Iowa DNR officials did not respond to questions submitted Wednesday.
Already, federal tests found high levels of PFAS chemicals at the Iowa National Guard bases at the Des Moines and Sioux City airports. The contaminants have shown up in tap water at Des Moines Water Works and in the Quad-Cities, served by Iowa American Water Co.
Wisconsin and Minnesota have both done major testing and have found widespread contamination, Cwiertny said.
There hasn’t been enough monitoring to determine how much of a threat these industrial and manufacturing chemicals are in Iowa, he added. Some states, including Michigan and North Carolina, have significant issues with PFAS chemicals, he added.
Iowa is among the states with no local limits or guidelines on PFAS chemicals. But 11 states have their own, many of them far stricter than EPA’s.
Pam Hinman, marketing and communications director at Eastern Iowa Airport in Cedar Rapids, said the airport worked with CHEEC and Linn County Public Health to test wells in the area beginning in 2019. One property had a well reading of 133 parts per trillion for PFAS, nearly double the level the federal government considers safe.
Eastern Iowa Airport Director Marty Lenss said he soon will ask the airport board to approve sampling on the airport grounds. Those tests are expected to be conducted this year.
“We really believe that by getting a better handle on it, by doing well monitoring, we will be in a much better position once the regulatory environment settles down,” Lenss said.
Des Moines hot spot
Des Moines International Airport regularly checks for PFAS and other contamination where water runs off the property, Executive Director Kevin Foley said. So far, only the area near the guard base has shown PFAS in water samples.
Maj. Katherine Headley of the Iowa National Guard said the remedial investigation requested by Des Moines Water Works has not been scheduled. The U.S. Air Force is planning projects nationally, and will schedule investigations at Des Moines and Sioux City when priorities are set.

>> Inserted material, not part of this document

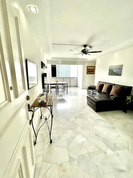 Step into a serene oasis where cozy living meets scenic beauty. This well-maintained 3-bedroom flat welcomes you with moderate natural light that dances across the polished tile flooring, highlighting the inviting ambiance. Enjoy picturesque views of the waterway and lush greenery from your living room, creating a tranquil backdrop for relaxation and entertaining.
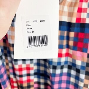 Munthe Lima Check Poplin Flocked Long Sleeve Plaid Metallic Blouse Casual Work

“The Iowa National Guard is as concerned about this issue as anyone and is working with our partners, both state and federal, to protect human health and ensure safe drinking water for our communities,” Headley said.
A U.S. Geological Survey check of 25 U.S. drinking water sources found PFAS in every sample of source water and tap water checked. Concentrations ranged from 1 part per trillion to 1,102 parts per trillion. One facility exceeded the federal health advisory.
EPA has a voluntary health advisory limit of 70 parts per trillion. But some government scientists have suggested that a formal limit as low as 0.1 part per trillion should be set. All of the Cedar Rapids samples pulled by CHEEC had PFAS at more than 0.1 part per trillion.
Water plants could use activated carbon or reverse osmosis to remove the chemicals, but that is expected to be expensive.
Consumer Reports study
A new study by Consumer Reports found 35% of water samples pulled by 120 volunteers around the country exceeded EPA’s health advisory for PFAS. Nearly all samples had some level of the chemicals.
Tests commissioned by the nonprofit Environmental Working Group in 2020 found PFAS in the Quad-Cities water supply well above the EPA health advisory level. The reading of 109.8 parts per trillion, compared with the health target of 70 parts per trillion or below, was the second-highest level in the 31 states where the organization’s consultants found PFAS.